## Task instructions
Using the listing below, please print exactly the lines from the one with "Koop ALLE DREFT" through the one with "Dependence of W/B". Leave out every picture.

## Source material
+++
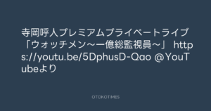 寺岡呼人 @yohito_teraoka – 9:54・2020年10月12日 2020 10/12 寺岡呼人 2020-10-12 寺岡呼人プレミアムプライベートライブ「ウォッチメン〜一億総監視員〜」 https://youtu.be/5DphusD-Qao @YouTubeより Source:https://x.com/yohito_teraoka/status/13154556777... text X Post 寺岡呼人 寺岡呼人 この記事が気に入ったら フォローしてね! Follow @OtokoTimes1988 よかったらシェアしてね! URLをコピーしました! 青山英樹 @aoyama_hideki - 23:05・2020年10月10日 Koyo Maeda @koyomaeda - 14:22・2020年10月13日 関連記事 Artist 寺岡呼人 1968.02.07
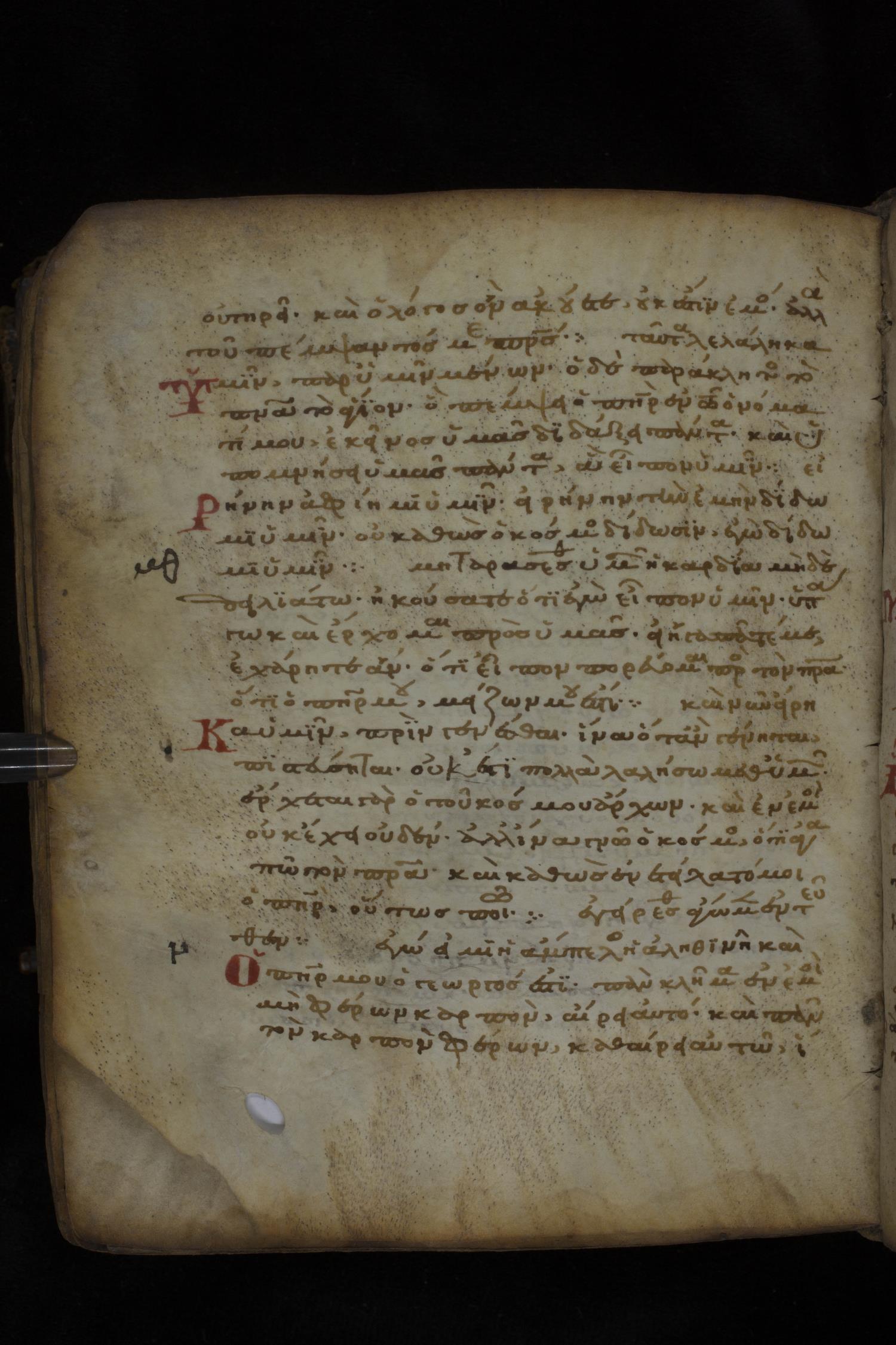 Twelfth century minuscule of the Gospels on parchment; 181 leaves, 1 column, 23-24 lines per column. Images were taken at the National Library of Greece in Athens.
+++
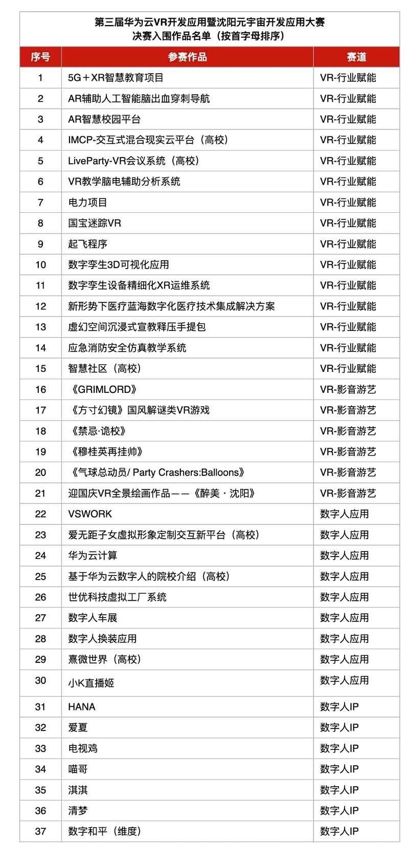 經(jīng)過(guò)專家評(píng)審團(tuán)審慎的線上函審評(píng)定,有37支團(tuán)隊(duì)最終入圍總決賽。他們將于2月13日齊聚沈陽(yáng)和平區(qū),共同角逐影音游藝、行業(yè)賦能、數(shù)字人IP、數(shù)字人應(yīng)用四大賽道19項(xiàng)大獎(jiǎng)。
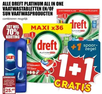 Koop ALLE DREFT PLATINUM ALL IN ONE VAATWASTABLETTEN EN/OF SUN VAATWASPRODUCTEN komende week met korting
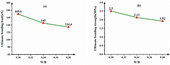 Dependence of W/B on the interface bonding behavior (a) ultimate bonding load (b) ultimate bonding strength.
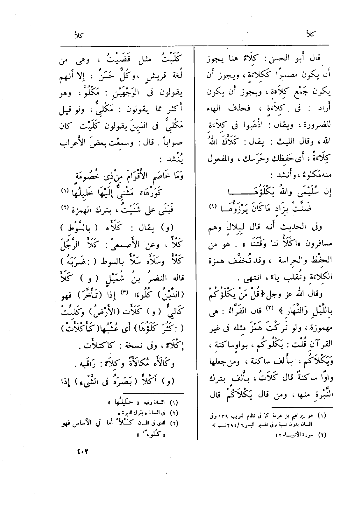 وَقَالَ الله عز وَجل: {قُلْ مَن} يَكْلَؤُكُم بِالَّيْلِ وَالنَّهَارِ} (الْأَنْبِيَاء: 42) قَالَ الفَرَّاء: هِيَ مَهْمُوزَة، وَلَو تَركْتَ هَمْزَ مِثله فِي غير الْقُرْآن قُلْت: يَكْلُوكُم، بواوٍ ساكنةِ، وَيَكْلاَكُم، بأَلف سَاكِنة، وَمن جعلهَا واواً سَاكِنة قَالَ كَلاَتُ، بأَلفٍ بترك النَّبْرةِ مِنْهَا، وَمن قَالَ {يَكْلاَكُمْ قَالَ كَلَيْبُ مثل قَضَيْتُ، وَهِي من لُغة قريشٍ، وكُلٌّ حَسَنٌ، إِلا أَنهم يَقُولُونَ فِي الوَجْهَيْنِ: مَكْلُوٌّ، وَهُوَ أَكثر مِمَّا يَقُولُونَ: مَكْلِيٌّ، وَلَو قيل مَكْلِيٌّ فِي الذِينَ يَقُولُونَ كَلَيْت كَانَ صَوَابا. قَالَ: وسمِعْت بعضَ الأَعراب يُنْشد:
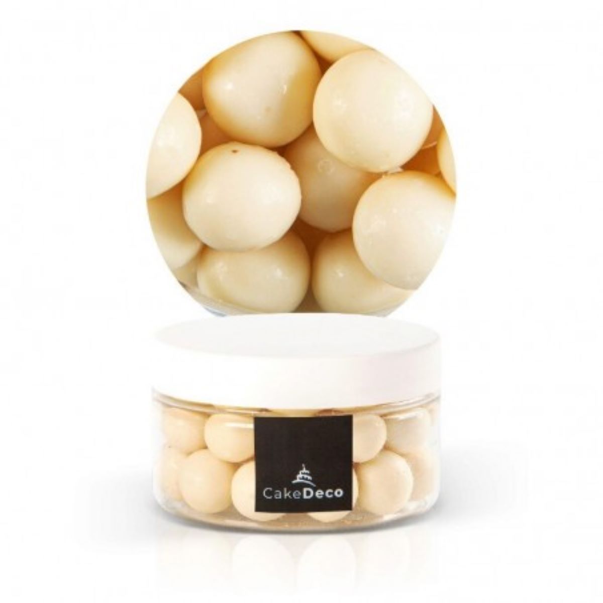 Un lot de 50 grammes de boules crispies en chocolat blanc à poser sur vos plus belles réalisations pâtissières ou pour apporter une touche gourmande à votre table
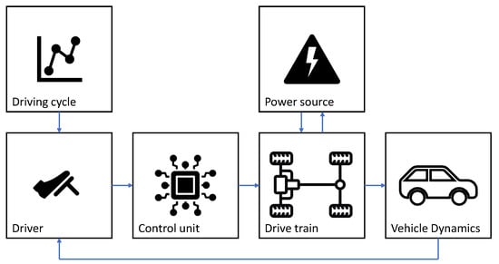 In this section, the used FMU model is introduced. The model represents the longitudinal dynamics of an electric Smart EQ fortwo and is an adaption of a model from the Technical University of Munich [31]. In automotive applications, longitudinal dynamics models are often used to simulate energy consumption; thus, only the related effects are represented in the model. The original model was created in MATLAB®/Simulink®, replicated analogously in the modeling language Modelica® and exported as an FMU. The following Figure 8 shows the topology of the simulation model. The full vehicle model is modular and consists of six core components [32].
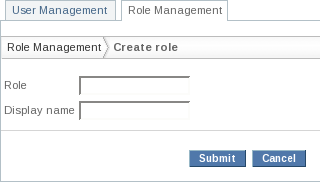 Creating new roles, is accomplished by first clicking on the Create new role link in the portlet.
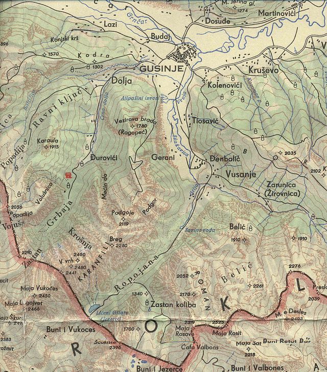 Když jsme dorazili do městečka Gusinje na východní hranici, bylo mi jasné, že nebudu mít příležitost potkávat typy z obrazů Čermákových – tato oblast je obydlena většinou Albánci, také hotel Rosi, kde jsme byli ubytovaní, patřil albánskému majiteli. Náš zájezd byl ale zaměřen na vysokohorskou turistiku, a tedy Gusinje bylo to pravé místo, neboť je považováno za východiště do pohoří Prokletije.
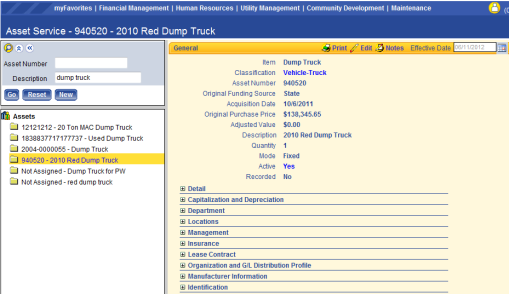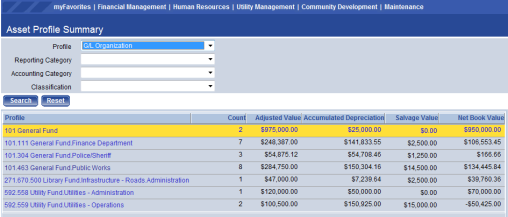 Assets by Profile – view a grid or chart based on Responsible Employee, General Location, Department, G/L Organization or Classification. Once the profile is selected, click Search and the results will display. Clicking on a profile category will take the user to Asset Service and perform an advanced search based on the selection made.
+++
## Exercise output
 Koop ALLE DREFT PLATINUM ALL IN ONE VAATWASTABLETTEN EN/OF SUN VAATWASPRODUCTEN komende week met korting
 Dependence of W/B on the interface bonding behavior (a) ultimate bonding load (b) ultimate bonding strength.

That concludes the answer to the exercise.